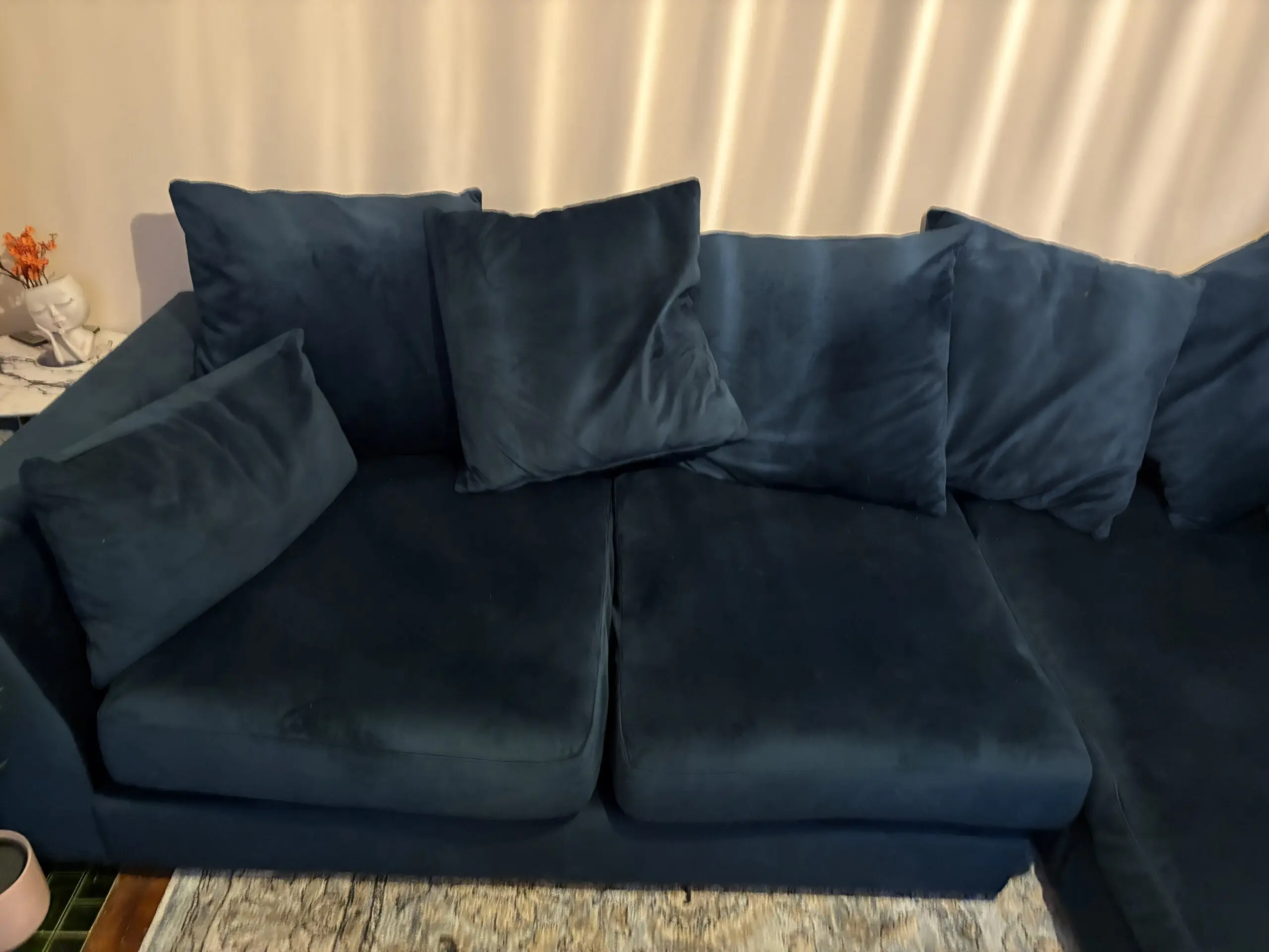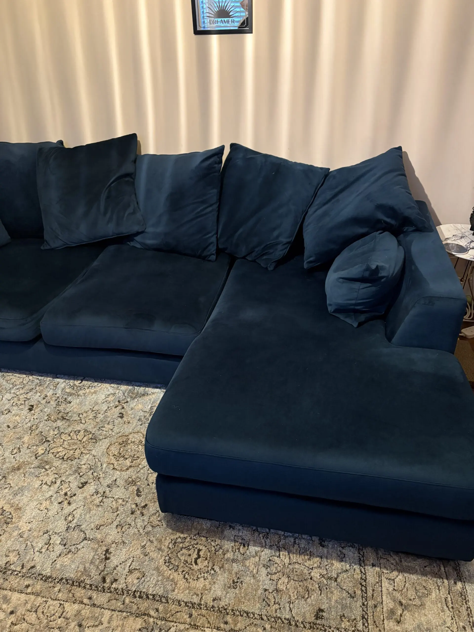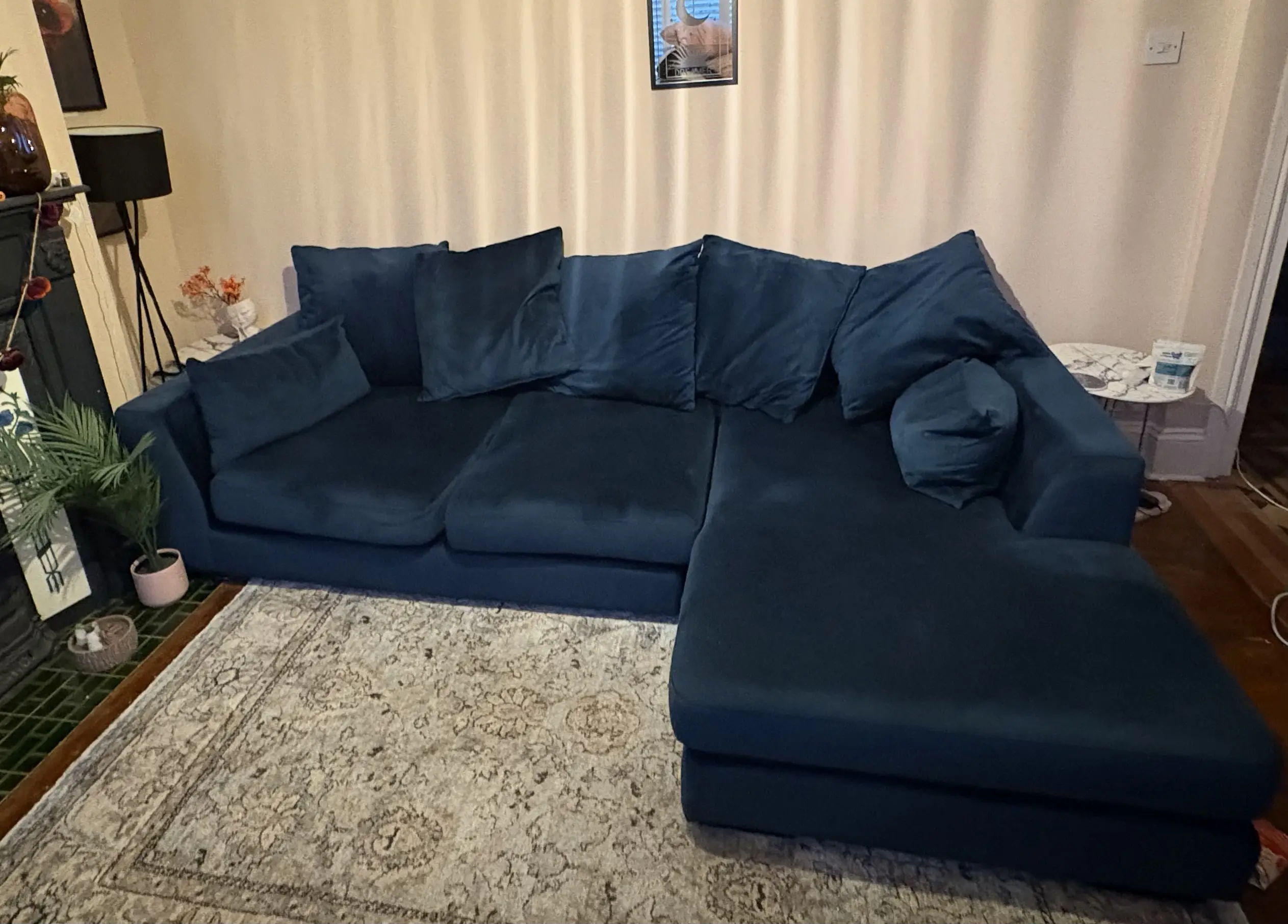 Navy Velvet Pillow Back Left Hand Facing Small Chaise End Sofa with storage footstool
════════════════
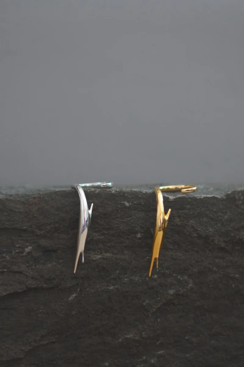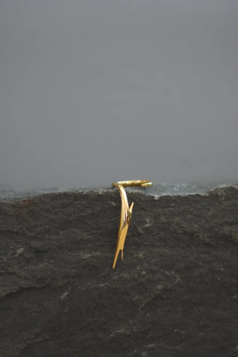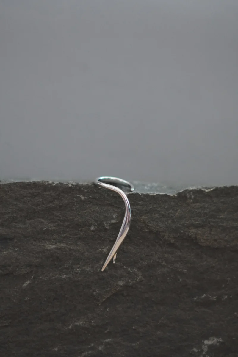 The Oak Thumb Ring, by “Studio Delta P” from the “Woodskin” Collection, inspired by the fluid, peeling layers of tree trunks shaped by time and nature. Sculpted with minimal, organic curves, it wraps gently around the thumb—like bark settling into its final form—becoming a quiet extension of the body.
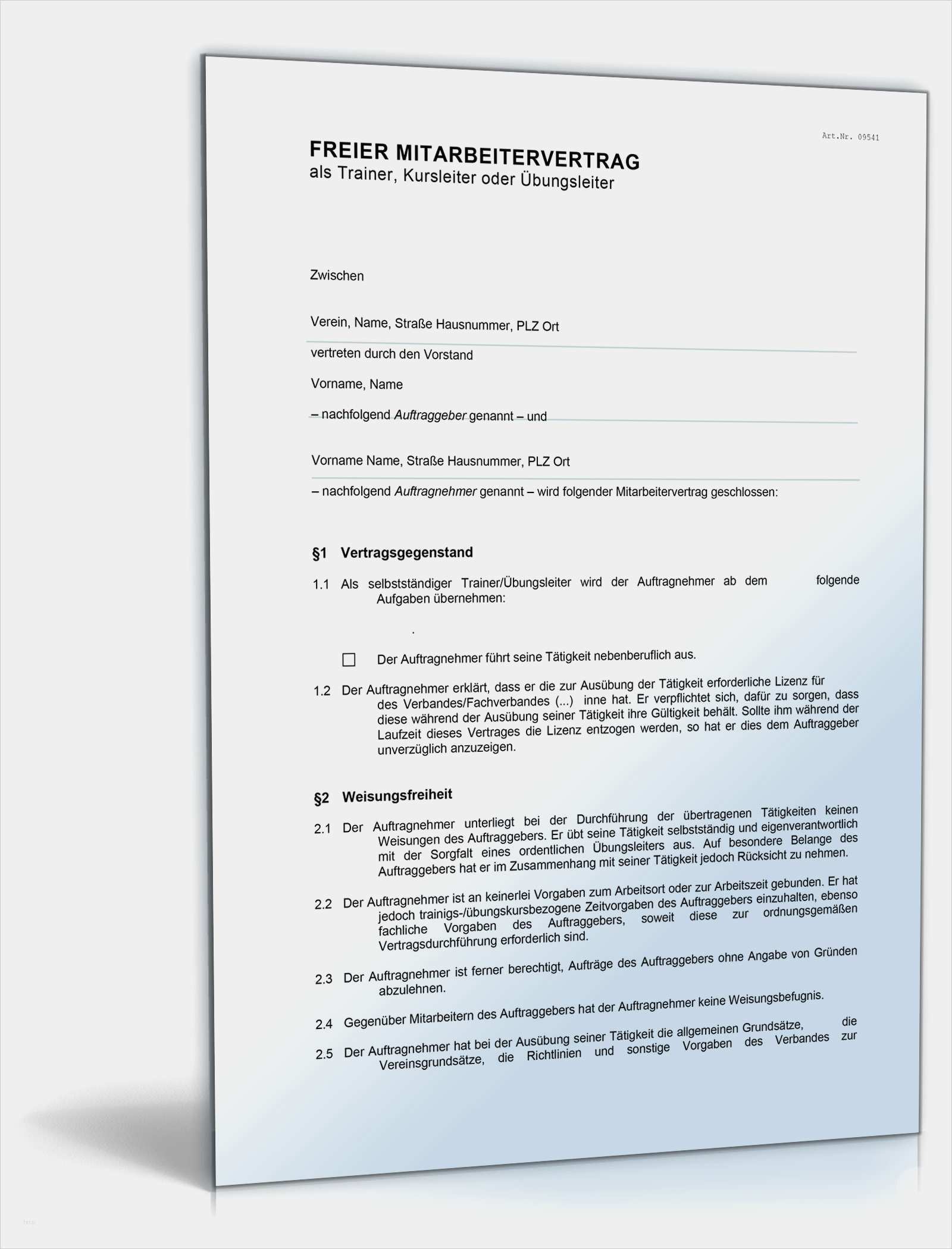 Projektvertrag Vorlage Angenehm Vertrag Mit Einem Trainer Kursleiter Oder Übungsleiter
════════════════
Take the material above from the line containing "The Oak Thumb" up to and including the line containing "Projektvertrag Vorlage Angenehm" and retype it exactly, without any pictures.

 The Oak Thumb Ring, by “Studio Delta P” from the “Woodskin” Collection, inspired by the fluid, peeling layers of tree trunks shaped by time and nature. Sculpted with minimal, organic curves, it wraps gently around the thumb—like bark settling into its final form—becoming a quiet extension of the body.
 Projektvertrag Vorlage Angenehm Vertrag Mit Einem Trainer Kursleiter Oder Übungsleiter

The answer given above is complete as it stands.